Simplify the attached expression using any relevant logarithmic rules

I haven't really done much with logarithms, so i didnt know where to start?

Given problem can be written as

log(2)⁴ + log(16)^1/4 + log(1/4)² - log(7/4)

Now use laws of logarithm to simplify.

 

[jahaddow]

the problem is I don't know how to do that?

 

[rl.bhat]

the problem is I don't know how to do that?

log(a) + log(b) = log(ab)

log(a) - log(b) = log(a/b)

 

[HallsofIvy]

Simplify the attached expression using any relevant logarithmic rules

I haven't really done much with logarithms, so i didnt know where to start?

the problem is I don't know how to do that?

Then you should start by learning the "relevant logarithmic rules"!

$log(ab)= log(a)+ log(b)$

$log(a/b)= log(a)- lob(b)$

$log(a^b)= b log(a)$

 

[jahaddow]

Can somebody please demonstrate the question?

 

[Tedjn]

No, you need to solve it yourself; you received sufficient help in the previous posts.
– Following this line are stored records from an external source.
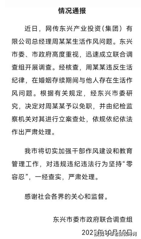 广西东兴市委市政府联合调查组发布通告,广西东兴产业投资集团有限公司总经理周某某,因婚内出轨被免职并立案查处。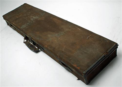 A CANVAS & LEATHER SINGLE GUNCASE, fitted for 32in. barrels, lined with red baize, brass lock (key missing),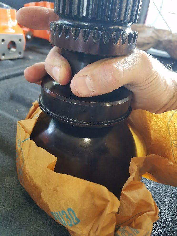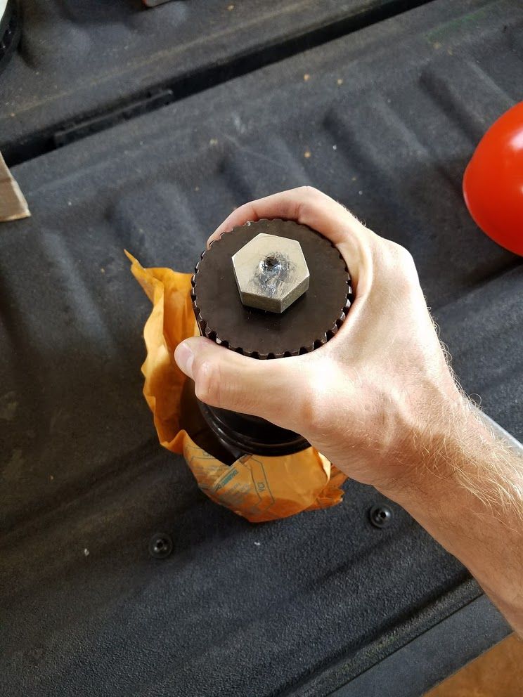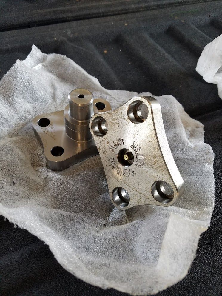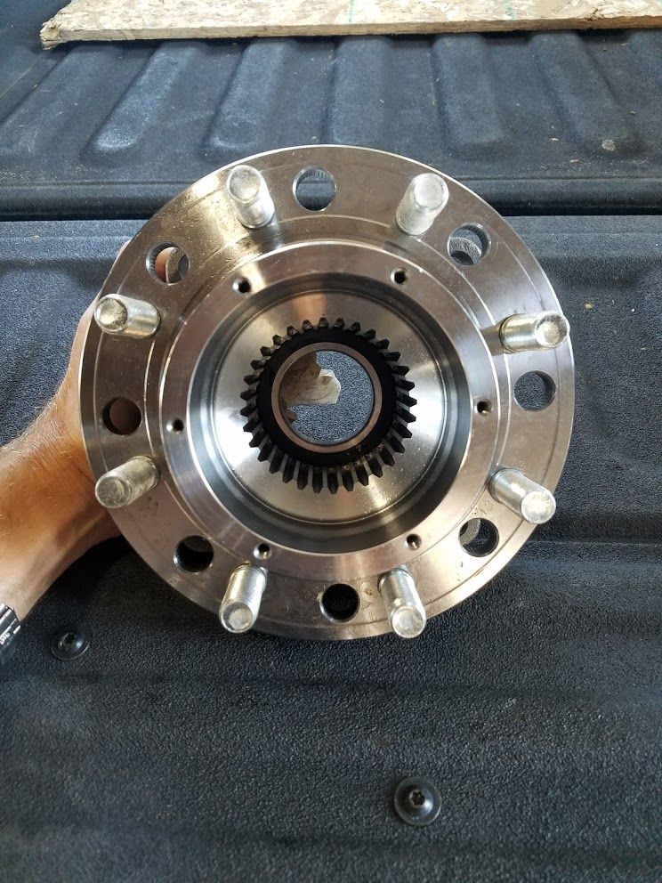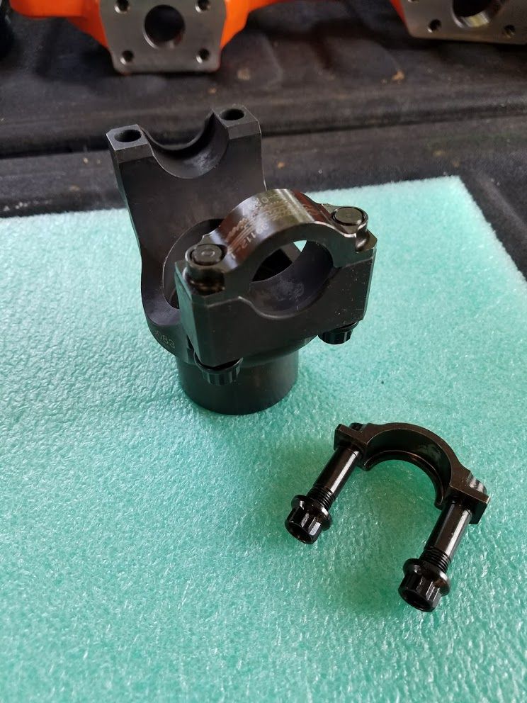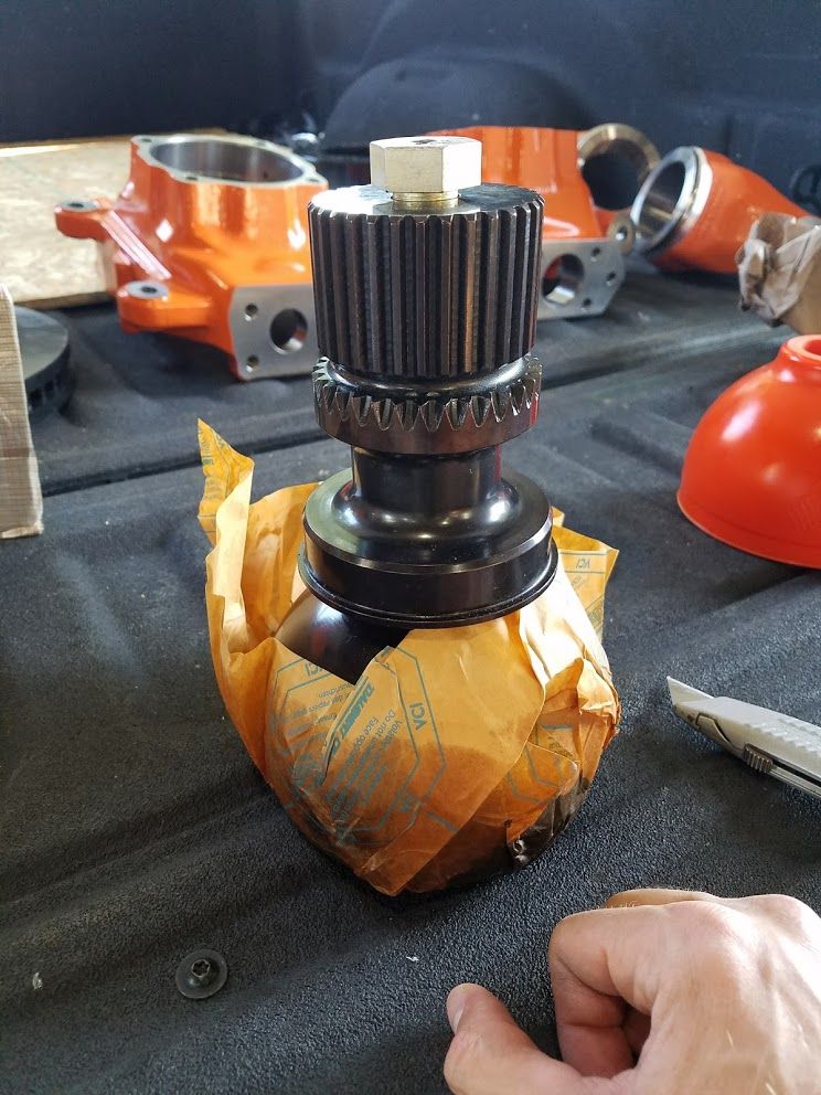 Got the UBs and rotors redrilled by Hudlow Axle. He did a great job and went ahead and pressed in the studs for me as well. He also cut away some material in the back that will make future stud R&R much easier. Calipers are huge.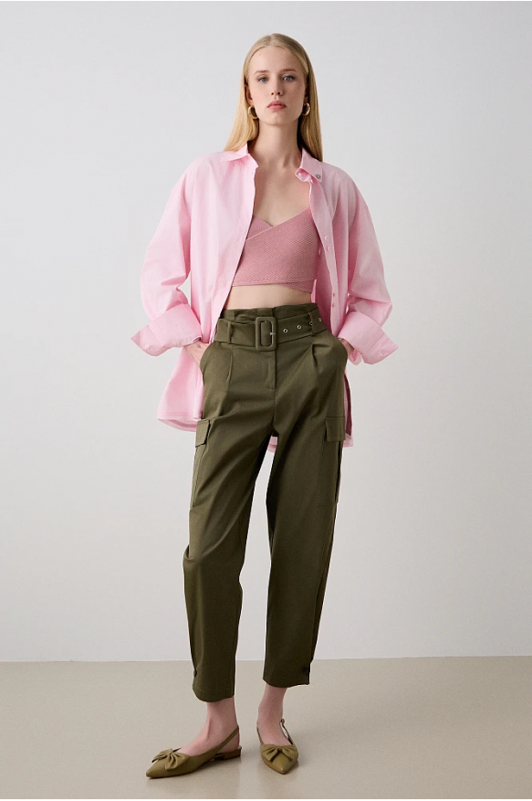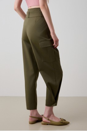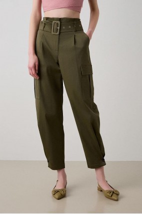 Pantalones BSB FASHION verde caqui confecionados en tejido de poliester, tiro alto, cinturón incorporado, bolsillos frances.053-212021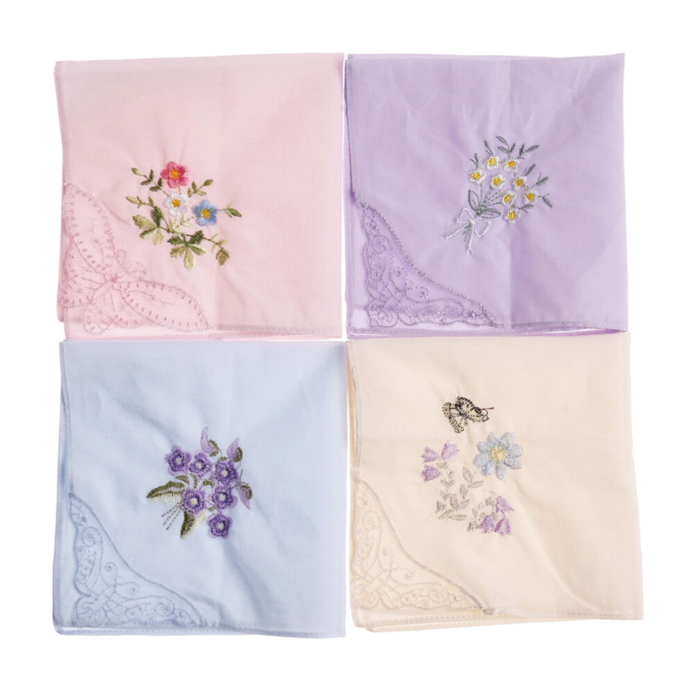 4Pcs Cotton Ladies Floral Handkerchiefs, Vintage Floral Style Lace Edging, Embroidery Women's Flower Hanky for Wedding Party, 28 cm/11 in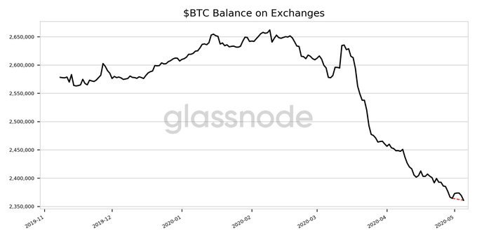 По состоянию на 7 мая на торговых площадках баланс BTC сократился до 2,360 млн монет. В конце апреля данный показатель составлял 2,364 млн биткоинов, отмечают исследователи. Такая тенденция наблюдается на протяжении нескольких недель после мартовского обвала, вошедшего в историю криптосферы как «Черный четверг».

Follow that advice.

 

[jahaddow]

That advice dosent get me anywhere!

 

[Tedjn]

Post what you have tried so far pertaining to the advice, or post and ask a question regarding the advice. If I asked you to simplify log(a) + log(b), how would you do it?

 

[jahaddow]

well that would be log(ab)

 

[Tedjn]

Yes, so look at the 3 logarithm rules provided by HallsofIvy and apply them to your problem.

 

[jahaddow]

ok so I'm up to log(2^2) + log(16^1/4) + log(1/4^2) - log(7/4)

 

[Tedjn]

Instead of log(2²) it should be something else. Now, continue until you get an expression with only one log.

 

[jahaddow]

yes ok it would be log(2^4), but then I really am stuck on what to do next!

 

[Tedjn]

well that would be log(ab)

Follow your own advice.

 

[jahaddow]

I don't know how to!

 

[rl.bhat]

I don't know how to!

OK.

What is 2⁴, 16^1/4 and 4²?

Substitute these values in my post #2 and simplify by using the relevant equation given by us.

 

[jahaddow]

Would the answer be log(2/1.75)

 

[jahaddow]

Ok, now I have one which is attached.
I have managed to get to this
logx⁴/logx^1/3
What do I do from here?

 

[jahaddow]

Or would it be 12logx? I don't know.

 

[rl.bhat]

Or would it be 12logx? I don't know.

Your answer for the first problem is correct. But write it as a single number, not in the form of a fraction.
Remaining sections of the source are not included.